#### REQUIRED ACTION:
Excluding pictures, what does the listing below contain from the line with "这种心理认知也极大压缩了创作" up to and including the line with "お弁当持参なので、中庭に出て", word for word?

#### ENTRIES SUPPLIED:
⟨
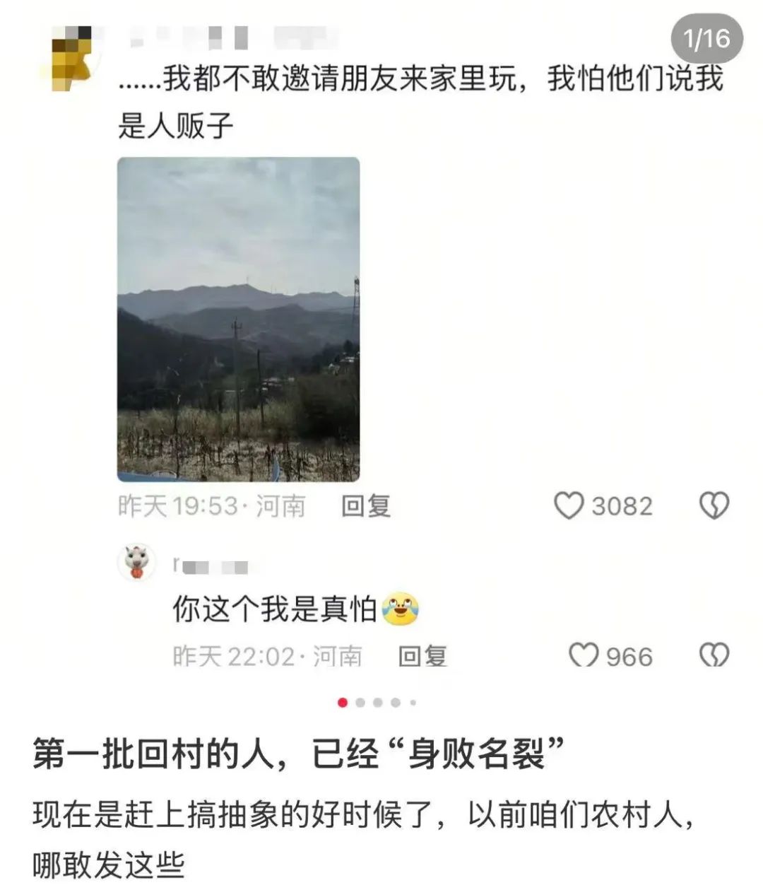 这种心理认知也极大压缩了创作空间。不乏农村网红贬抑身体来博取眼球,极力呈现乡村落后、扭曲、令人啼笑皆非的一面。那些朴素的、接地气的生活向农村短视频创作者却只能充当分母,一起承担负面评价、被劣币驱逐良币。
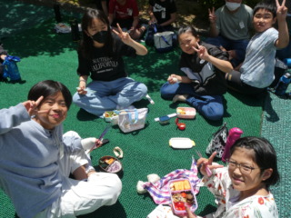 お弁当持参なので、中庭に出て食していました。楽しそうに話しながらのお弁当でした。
⟩
⟨
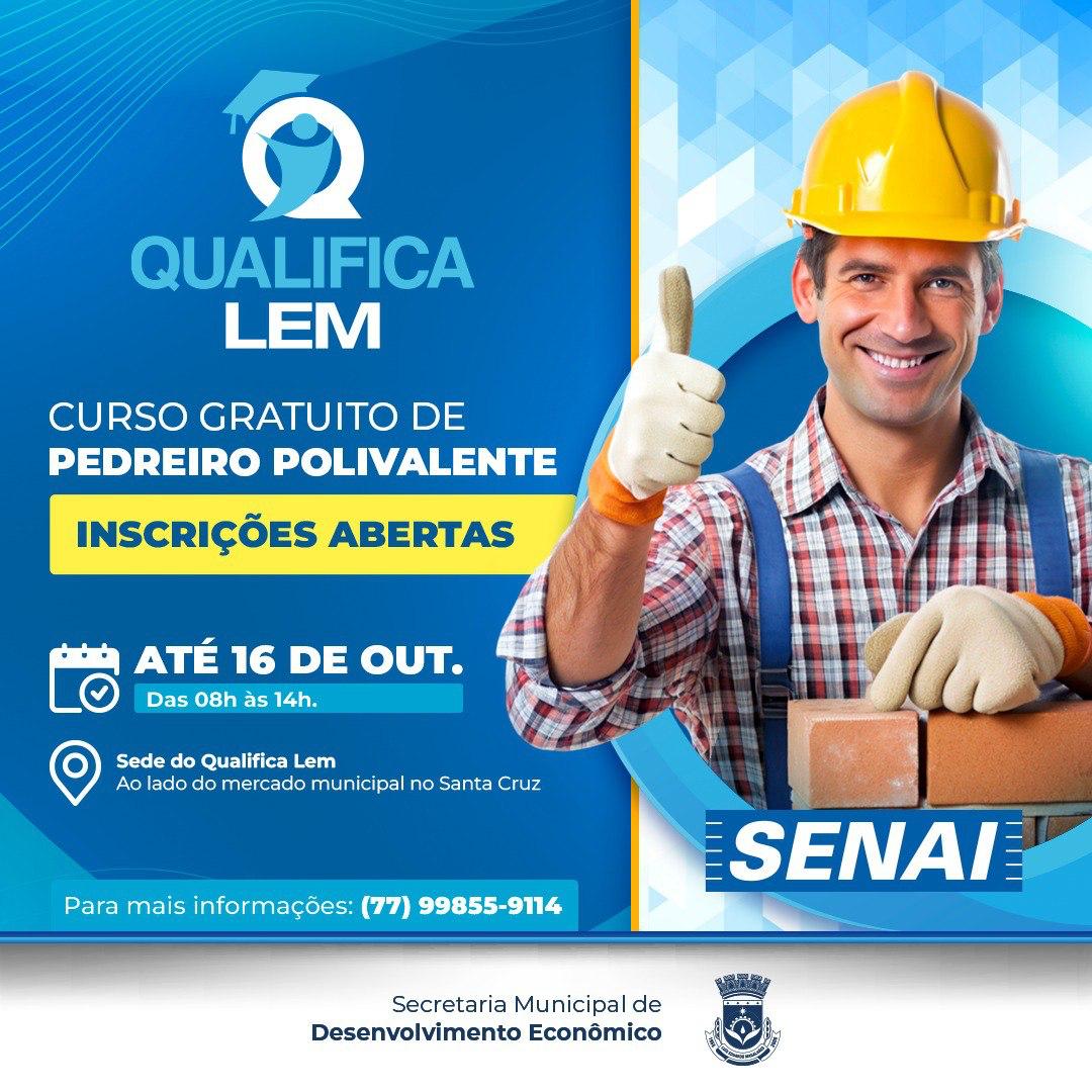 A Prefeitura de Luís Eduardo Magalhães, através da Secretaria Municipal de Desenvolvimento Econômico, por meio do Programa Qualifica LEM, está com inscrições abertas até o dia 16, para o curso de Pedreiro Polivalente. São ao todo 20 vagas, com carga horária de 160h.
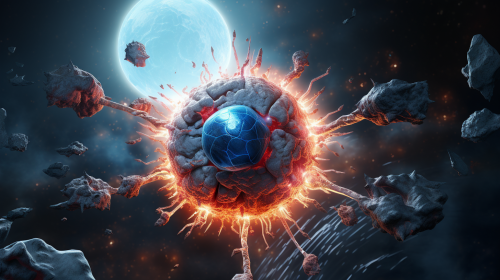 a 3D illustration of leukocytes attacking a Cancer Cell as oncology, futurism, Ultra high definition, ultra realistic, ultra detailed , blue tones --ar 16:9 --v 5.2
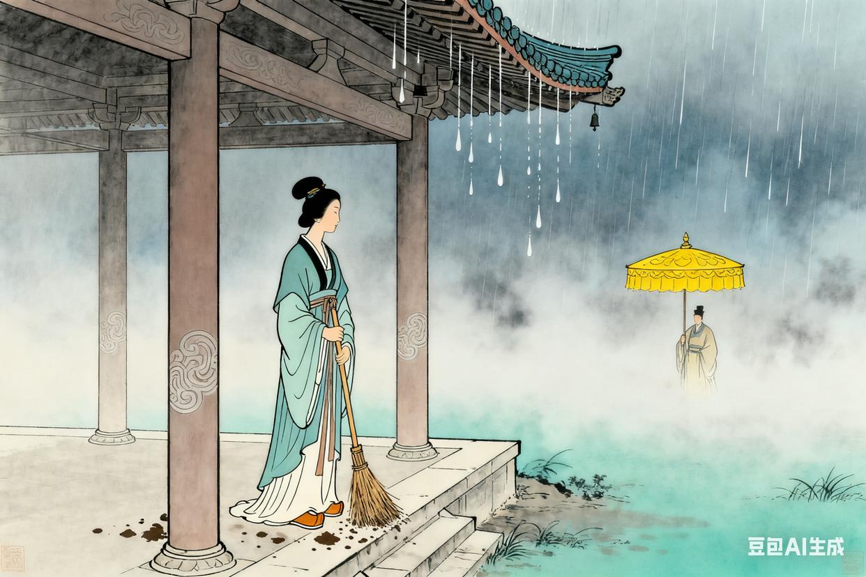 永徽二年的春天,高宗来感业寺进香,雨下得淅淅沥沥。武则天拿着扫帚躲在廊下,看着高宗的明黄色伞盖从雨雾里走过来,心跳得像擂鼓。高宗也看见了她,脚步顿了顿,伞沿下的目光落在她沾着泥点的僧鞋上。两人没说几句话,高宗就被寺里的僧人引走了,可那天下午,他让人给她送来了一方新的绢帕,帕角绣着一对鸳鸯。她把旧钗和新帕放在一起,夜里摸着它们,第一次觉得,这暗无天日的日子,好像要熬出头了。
⟩
#### RESULT OF THIS TASK:
 这种心理认知也极大压缩了创作空间。不乏农村网红贬抑身体来博取眼球,极力呈现乡村落后、扭曲、令人啼笑皆非的一面。那些朴素的、接地气的生活向农村短视频创作者却只能充当分母,一起承担负面评价、被劣币驱逐良币。
 お弁当持参なので、中庭に出て食していました。楽しそうに話しながらのお弁当でした。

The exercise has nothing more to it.